We are trying to round the float32 value -4194303.75. Because it is negative, we end up in this path:

    // Add 0.5 to negative numbers, storing the result into tmp.
    ma_vneg_f32(input, tmp);
    loadConstantFloat32(0.5f, scratchFloat);
    ma_vadd_f32(tmp, scratchFloat, scratchFloat);

    // Adding 0.5 to a float input has chances to yield the wrong result, if
    // the input is too large. In this case, skip the -1 adjustment made below.
    compareFloat(scratchFloat, tmp);

    // Negative case, negate, then start dancing. This number may be positive,
    // since we added 0.5.
    // /!\ The conditional jump afterwards depends on these two instructions
    //     *not* setting the status flags. They need to not change after the
    //     comparison above.
    ma_vcvt_F32_U32(scratchFloat, tmp.uintOverlay());
    ma_vxfer(VFPRegister(tmp).uintOverlay(), output);

    Label flipSign;
    ma_b(&flipSign, Equal);

    // -output is now a correctly rounded value, unless the original value was
    // exactly halfway between two integers, at which point, it has been rounded
    // away from zero, when it should be rounded towards \infty.
    ma_vcvt_U32_F32(tmp.uintOverlay(), tmp);
    compareFloat(tmp, scratchFloat);
    as_sub(output, output, Imm8(1), LeaveCC, Equal);

    // Negate the output. Since INT_MIN < -INT_MAX, even after adding 1, the
    // result will still be a negative number.
    bind(&flipSign);
    as_rsb(output, output, Imm8(0), SetCC);

We negate the value (to make it positive) and add 0.5. However, this pushes it over a precision threshold: a float can represent 4194303.75, but 4194304.25 is rounded to 4194304. When we convert 4194304 to an integer and back, we obviously get the same value, so our algorithm believes we've rounded in the wrong direction and subtracts 1.
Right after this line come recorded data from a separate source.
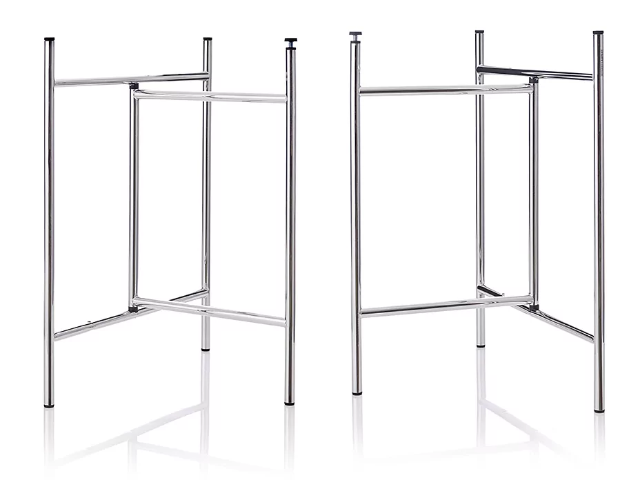 Inspiriert vom Tischgestell Egon Eiermanns aus dem Jahr 1953 hatte der Designer Alexander Seifried 2014 die Idee zu einem neuen Gestell dem Klappbock Eiermann 3. Mit großem Respekt vor dem Erfindungsreichtum des Architekten Eiermann nahm Seifried die originalen Seitenrahmen des Tischgestells und ergänzte diese mit langen Auslegern, die mittig oder exzentrisch montiert werden können – je nachdem, ob Sie den Tisch von ein oder zwei Seiten nutzen und die Beinfreiheit entsprechend verteilen wollen.
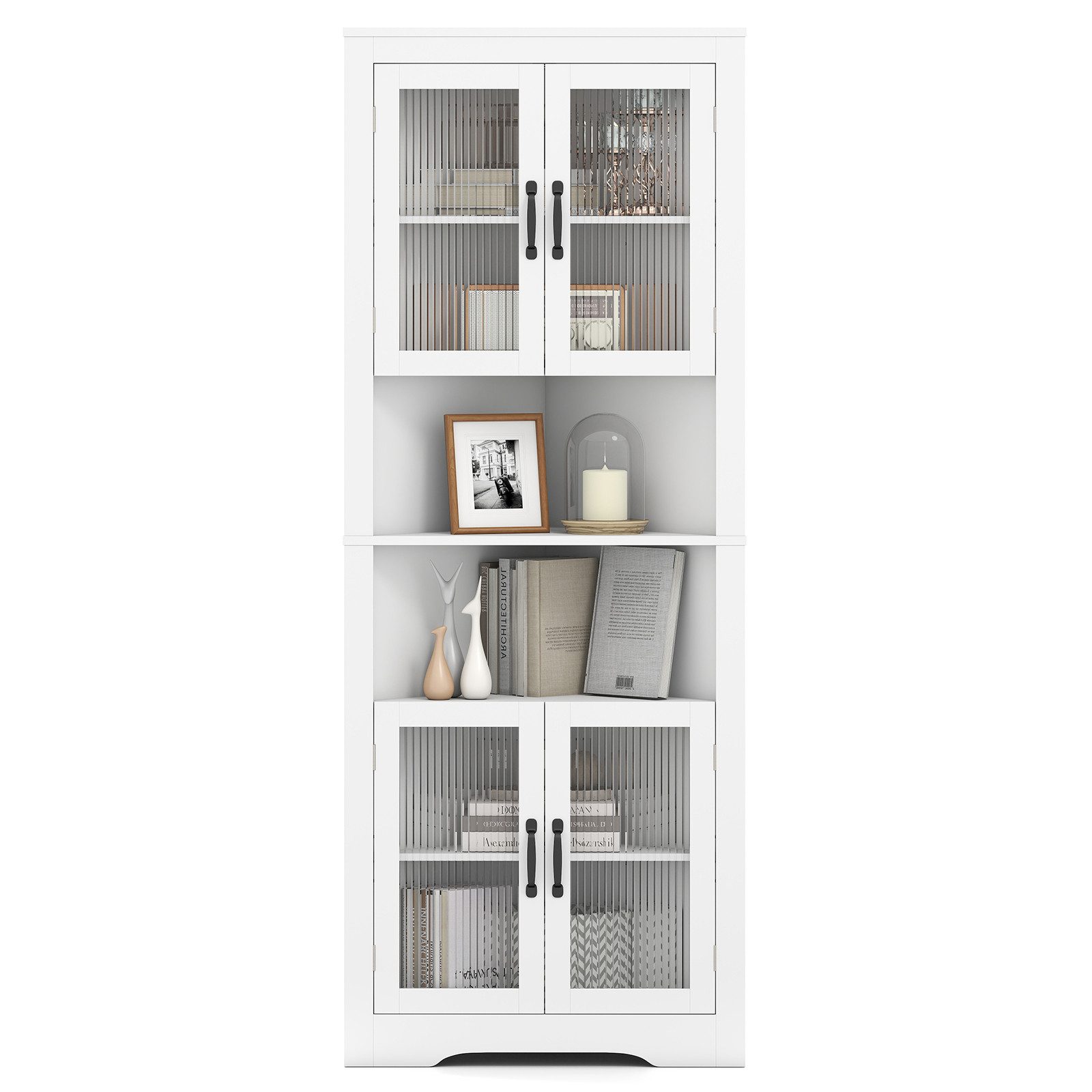 Verabschieden Sie sich von Unordnung mit unserem vielseitigen Eckaufbewahrungsschrank! Der Eckschrank passt perfekt in die Ecke eines jeden Raumes. Sie können ihn im Wohnzimmer, Schlafzimmer, Badezimmer, Esszimmer und mehr platzieren. 2 offene Regale und 2 geschlossene Schränke bieten reichlich Stauraum für Taschentücher, Bücher, Dekorationen, Geschirr, Bilderrahmen und mehr. 4 geriffelte Glastüren bringen nicht nur ästhetischen Reiz, sondern schützen auch die inneren Gegenstände. Darüber hinaus machen 2 verstellbare Regale ihn ideal für Gegenstände unterschiedlicher Höhen. Um ihn stabil zu halten, ist die Eckvitrine auch mit einer Anti-Kipp-Vorrichtung und einem stabilen Sockel ausgestattet. Türgriffe und Magnetverschlüsse sind ebenfalls vorhanden für bequemes Öffnen und Спрятать.
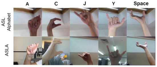 This paper uses two datasets, the ASL Alphabet [33] and ASLA (American Sign Language Alphabet) [34]. The ASL Alphabet dataset includes 29 classes, comprising 26 alphabetic characters A–Z and three other characters: space, delete, and nothing. Each class has 3000 images, each of which is 200 × 200 pixels in size. The ASLA dataset is similar to the ASL Alphabet except for the backgrounds, as shown in Figure 1. Each class has 7000 images, each of which is 400 × 400 pixels. The two datasets are split into 85% training images and 15% testing data.
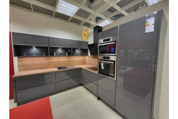 Kompletní sestava kuchyně Lux – extra výhodný výprodej vystaveného zboží z prodejny České Budějovice. V dekoru dub Ontario/šedá vysoký lesk.
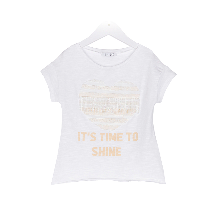 Футболка Elsy – это идеальный выбор для девочек! Изготовленная из 100% хлопка, она украшена очаровательным принтом сердца с надписью 'It's time to shine'. Нежная белая основа с изящным сердечком и надписью создает нежное и в то же время стильное настроение. На фотографии видна аккуратная вышивка и мягкость ткани. Качество от бренда из Италии и внимание к деталям делают эту футболку отличным выбором для вашего ребенка!
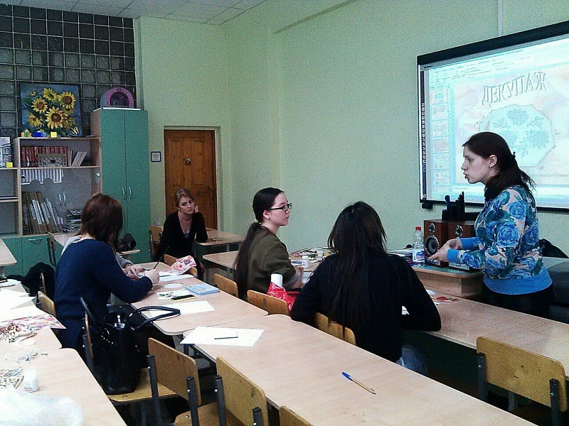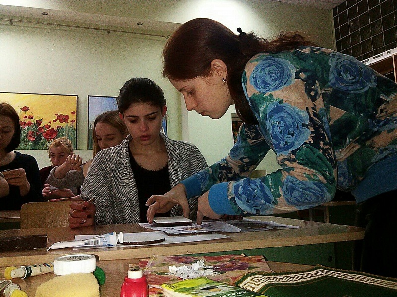 Преподаватель направления дизайн Л.С. Колесник провела мастер-класс по де купажу для студентов колледжа. Техника, которая позволяет любому человеку при желании создавать художественные работы. Цветы, замки, шары – любой полет творческой фантазии, возможно, реализовать в данной технике! Каждый сможет повторить понравившийся рисунок с помощью переноса его на любую поверхность.
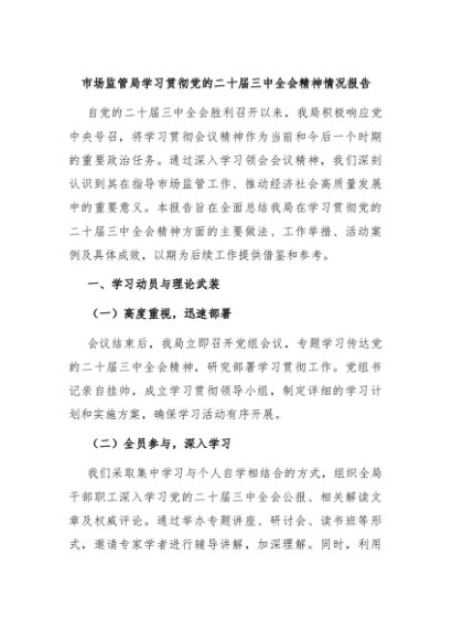 / 【七哥公文】2024年:市场监管局学习贯彻党的二十届三中全会精神情况报告+更多免费公文+VX:QiGeGongWen2024
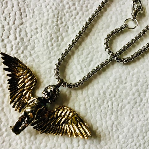 Spinkel, forgyldt halskæde med et MEGET FLOT VEDHÆNG af gotiske englevinger i sølv og sort og med mørkegrønne sten. Kæden er 45 cm + 5 cm forlængerkæde og vedhænget er 5x5 cm. Vedhænget er meget smukt udført. Smykket er helt nyt.
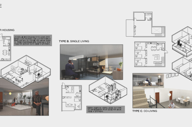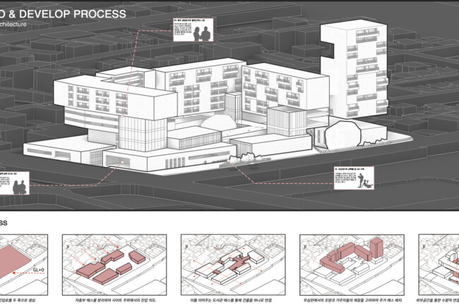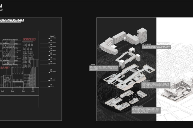 따라서 해당 프로젝트를 통해 첫 번째로 주거 단지가 도시에게 제공하는, 도시가 주거 단지에게 영향을 끼치는 행위가 어떻게 이루어질 수 있는지를 탐구하고자 한다. 두 번째로는 변화하는 도시의 구성원들을 포용할 수 있는 주거 단지는 어떤 주거를 구성원들에게 제공할 수 있는지 제안하고자 한다.

This might actually be the only input value for which this bug can occur. I'm not sure what the best fix is, but having worked through the logic I'm confident this is not a security bug.

Comment 6

[Gary Kwong [:gkw] [:nth10sd] (NOT official MoCo now)]

Thanks Iain!

Comment 7

[Iain Ireland [:iain]]

IIRC, nbp set this to P1 because of concerns about range analysis. However, we don't do range analysis on MRound nodes, so we're safe there.

I'm bumping this down to P2. It would be nice to fix it, but floating point algorithms are hard, and I wouldn't want to introduce new bugs while fixing this one. ARM32 isn't as important these days, anyway.